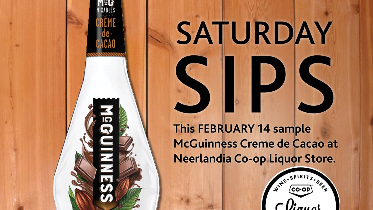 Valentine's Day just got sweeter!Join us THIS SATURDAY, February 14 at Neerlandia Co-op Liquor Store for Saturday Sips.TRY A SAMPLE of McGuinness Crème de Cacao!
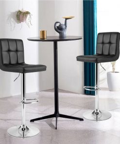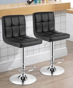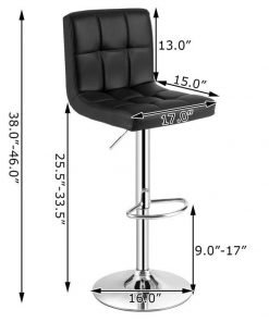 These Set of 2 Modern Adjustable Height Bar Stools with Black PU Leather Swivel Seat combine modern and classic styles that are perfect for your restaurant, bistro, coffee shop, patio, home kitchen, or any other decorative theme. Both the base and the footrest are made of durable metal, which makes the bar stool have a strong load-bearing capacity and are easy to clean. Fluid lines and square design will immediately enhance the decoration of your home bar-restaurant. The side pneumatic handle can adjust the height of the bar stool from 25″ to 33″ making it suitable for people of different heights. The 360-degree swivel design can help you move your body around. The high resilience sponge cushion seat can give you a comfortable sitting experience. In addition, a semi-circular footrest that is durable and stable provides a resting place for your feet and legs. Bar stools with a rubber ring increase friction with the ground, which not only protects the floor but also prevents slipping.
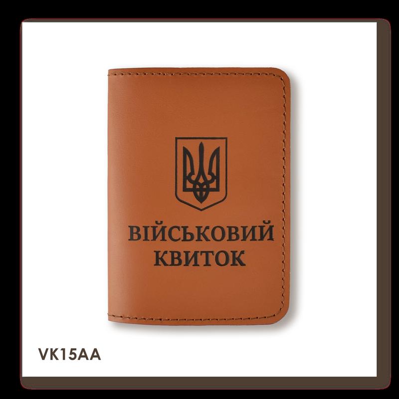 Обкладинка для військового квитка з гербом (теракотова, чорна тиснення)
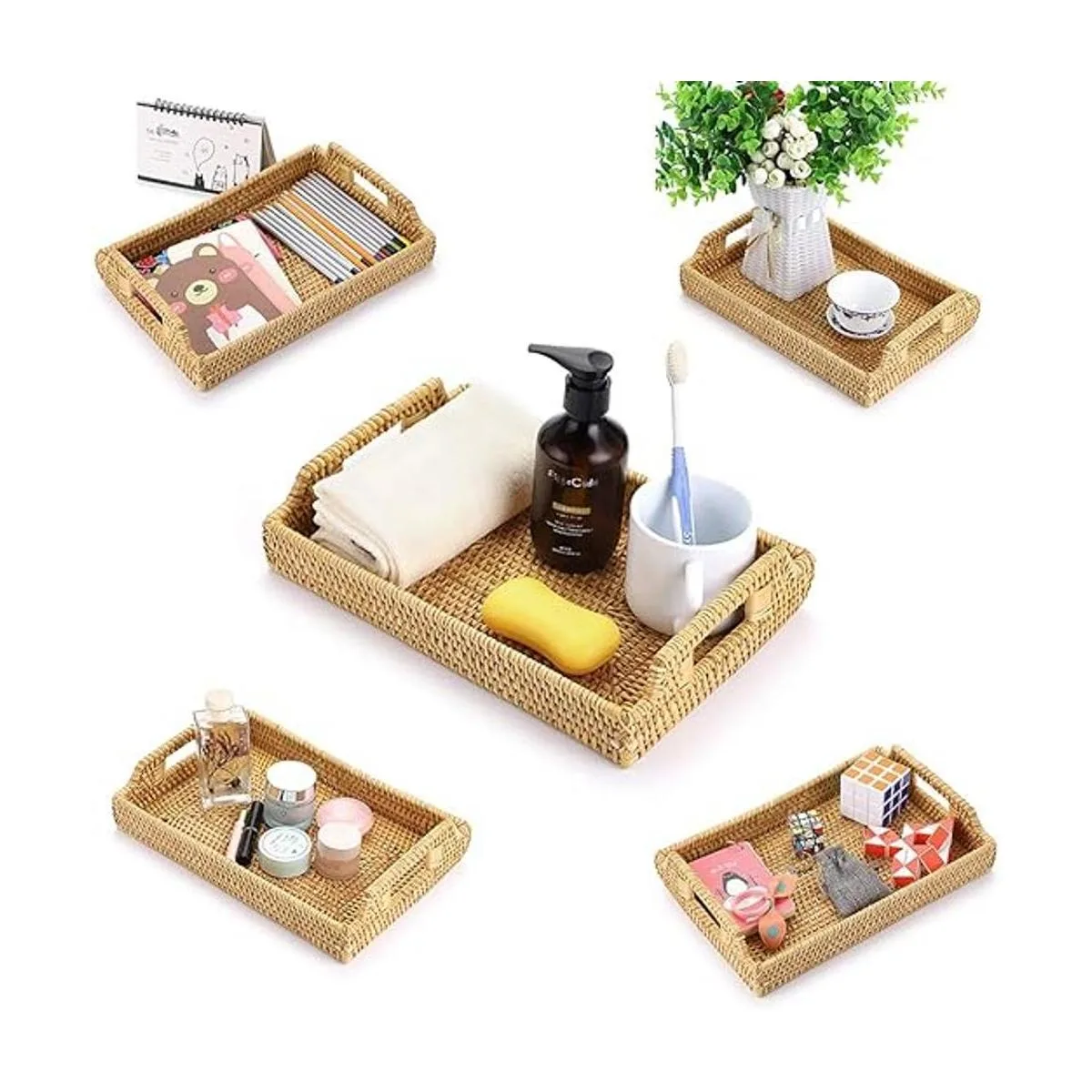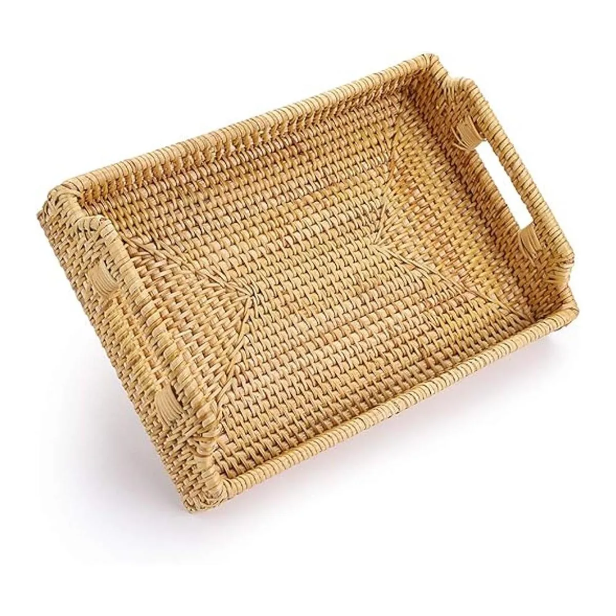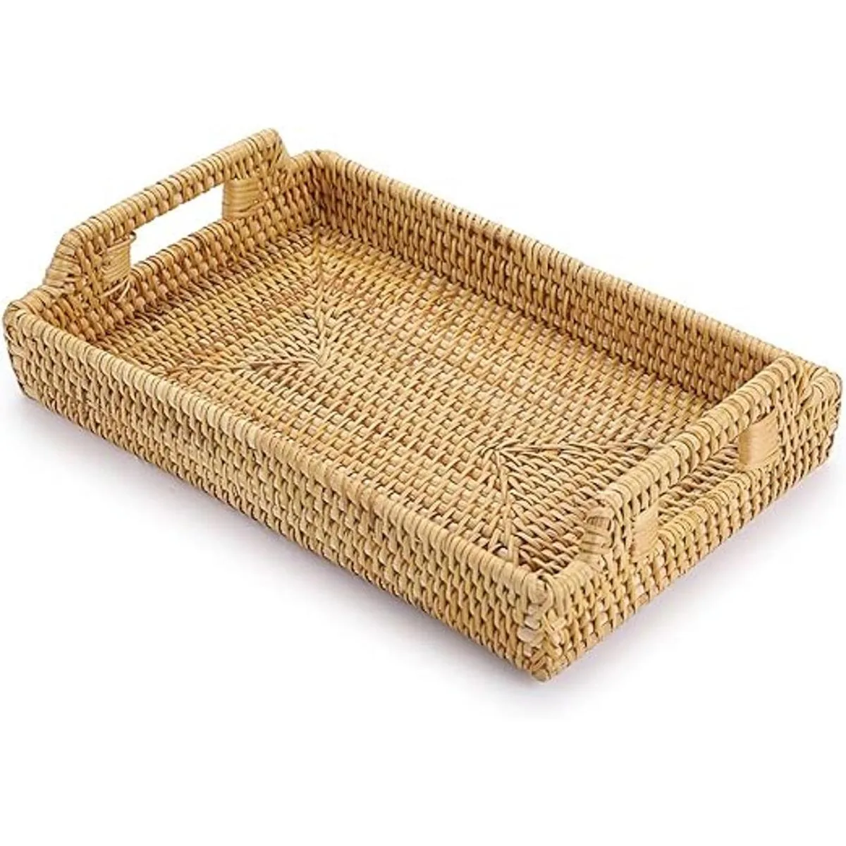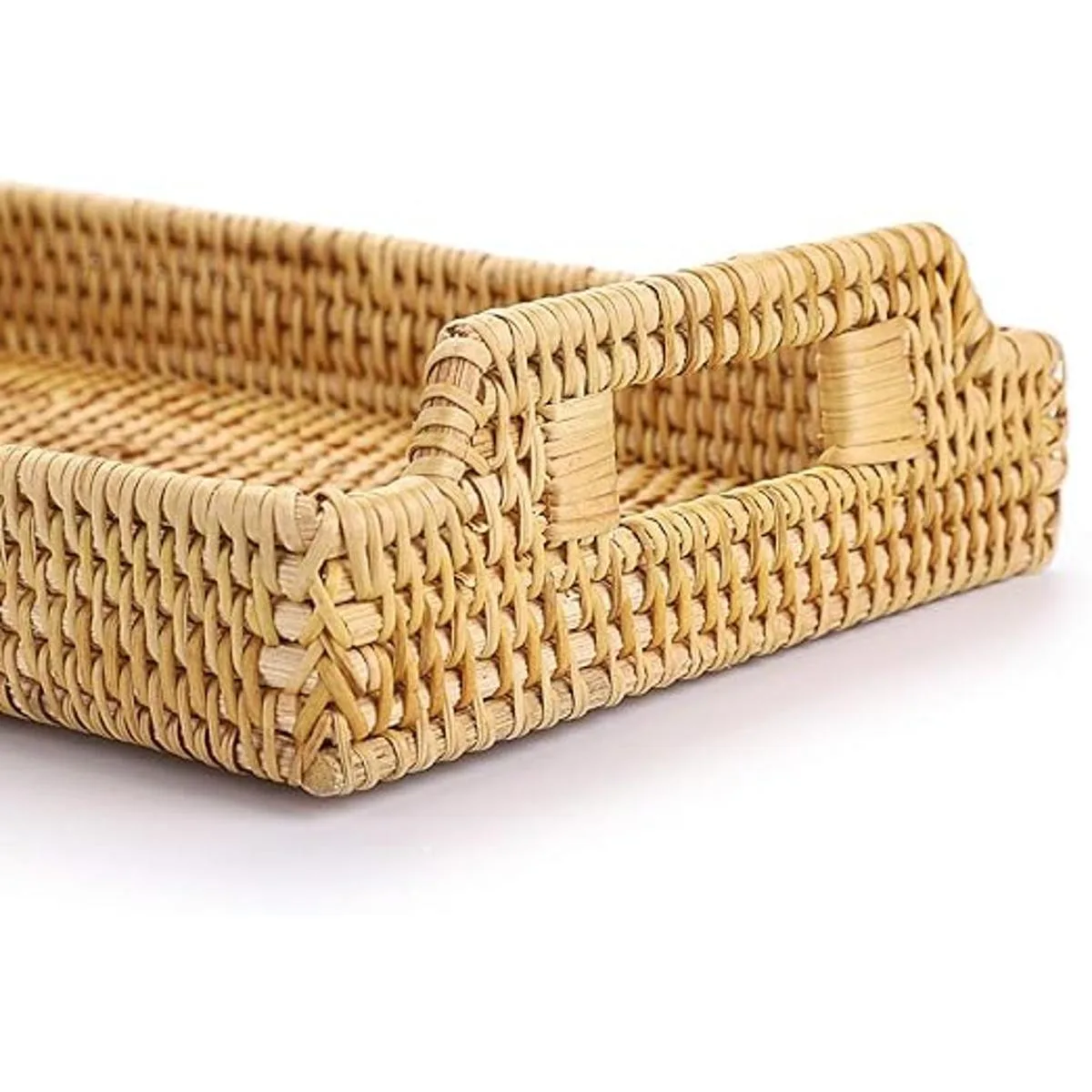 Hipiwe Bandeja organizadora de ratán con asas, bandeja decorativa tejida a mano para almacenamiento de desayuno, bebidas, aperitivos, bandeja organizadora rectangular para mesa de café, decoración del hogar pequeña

- [TASK DESCRIPTION]: With images left out, the data must be transcribed exactly.

- [ANSWER SPACE]:
 Valentine's Day just got sweeter!Join us THIS SATURDAY, February 14 at Neerlandia Co-op Liquor Store for Saturday Sips.TRY A SAMPLE of McGuinness Crème de Cacao!
 These Set of 2 Modern Adjustable Height Bar Stools with Black PU Leather Swivel Seat combine modern and classic styles that are perfect for your restaurant, bistro, coffee shop, patio, home kitchen, or any other decorative theme. Both the base and the footrest are made of durable metal, which makes the bar stool have a strong load-bearing capacity and are easy to clean. Fluid lines and square design will immediately enhance the decoration of your home bar-restaurant. The side pneumatic handle can adjust the height of the bar stool from 25″ to 33″ making it suitable for people of different heights. The 360-degree swivel design can help you move your body around. The high resilience sponge cushion seat can give you a comfortable sitting experience. In addition, a semi-circular footrest that is durable and stable provides a resting place for your feet and legs. Bar stools with a rubber ring increase friction with the ground, which not only protects the floor but also prevents slipping.
 Обкладинка для військового квитка з гербом (теракотова, чорна тиснення)
 Hipiwe Bandeja organizadora de ratán con asas, bandeja decorativa tejida a mano para almacenamiento de desayuno, bebidas, aperitivos, bandeja organizadora rectangular para mesa de café, decoración del hogar pequeña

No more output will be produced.